999精品在线视频,手机成人午夜在线视频,久久不卡国产精品无码,中日无码在线观看,成人av手机在线观看,日韩精品亚洲一区中文字幕,亚洲av无码人妻,四虎国产在线观看 ?

CONVERGENCE OF CONTROLLED MODELS FOR CONTINUOUS-TIME MARKOV DECISION PROCESSES WITH CONSTRAINED AVERAGE CRITERIA??

2019-12-10 13:58:28WenzhaoZhangXianzhuXiong
Annals of Applied Mathematics 2019年4期

Wenzhao Zhang, Xianzhu Xiong

(College of Math.and Computer Science,Fuzhou University,Fuzhou 350108,Fujian,PR China)

Abstract This paper attempts to study the convergence of optimal values and optimal policies of continuous-time Markov decision processes(CTMDP for short)under the constrained average criteria.
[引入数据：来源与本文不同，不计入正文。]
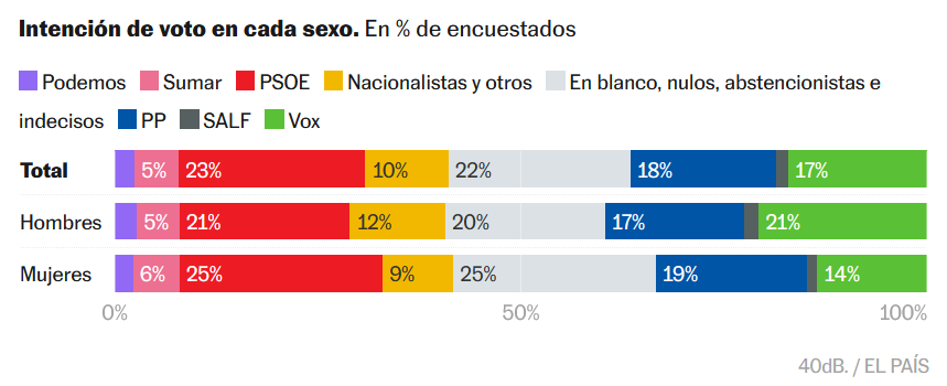 Vox obtiene 7,1 puntos más en intención de voto en el electorado masculino (20,7%) que en el femenino (13,6%). En el espacio a la izquierda del PSOE, Sumar se impone sobre Podemos tanto entre las mujeres como entre los hombres.

For a given original model M∞of CTMDP with denumerable states and a sequence{Mn}of CTMDP with finite states,we give a new convergence condition to ensure that the optimal values and optimal policies of{Mn}converge to the optimal value and optimal policy of M∞as the state space Sn of Mn converges to the state space S∞of M∞,respectively.The transition rates and cost/reward functions of M∞are allowed to be unbounded.Our approach can be viewed as a combination method of linear program and Lagrange multipliers.

Keywords continuous-time Markov decision processes;optimal value;optimal policies;constrained average criteria;occupation measures

1 Introduction

Markov decision processes have wide application in queueing system,telecommunications systems,etc.;see,for instance,[2,11,13,16,18]and the reference therein.The existence and computation of optimal value and optimal policies form a hot research area in Markov decision processes.The basic method to study the existence of optimal policies include the dynamic programming approach,the linear programming and duality programming method.Based on above methods,the value iteration algorithms,policy iteration algorithms,linear programming algorithms for unconstrained optimality problems and linear programming algorithms for constrained optimality problems have been proposed; see,for instance,[4,11,13,15]. However,these algorithms are only adapt to tackle the optimality problems with finite states.It is natural to use finite-state models to approximate the original model with denumerable state space or general Borel state space.Hence,from the theoretical and practical point of view,the convergence of optimal values and optimal policies are important and interesting issues in Markov decision processes.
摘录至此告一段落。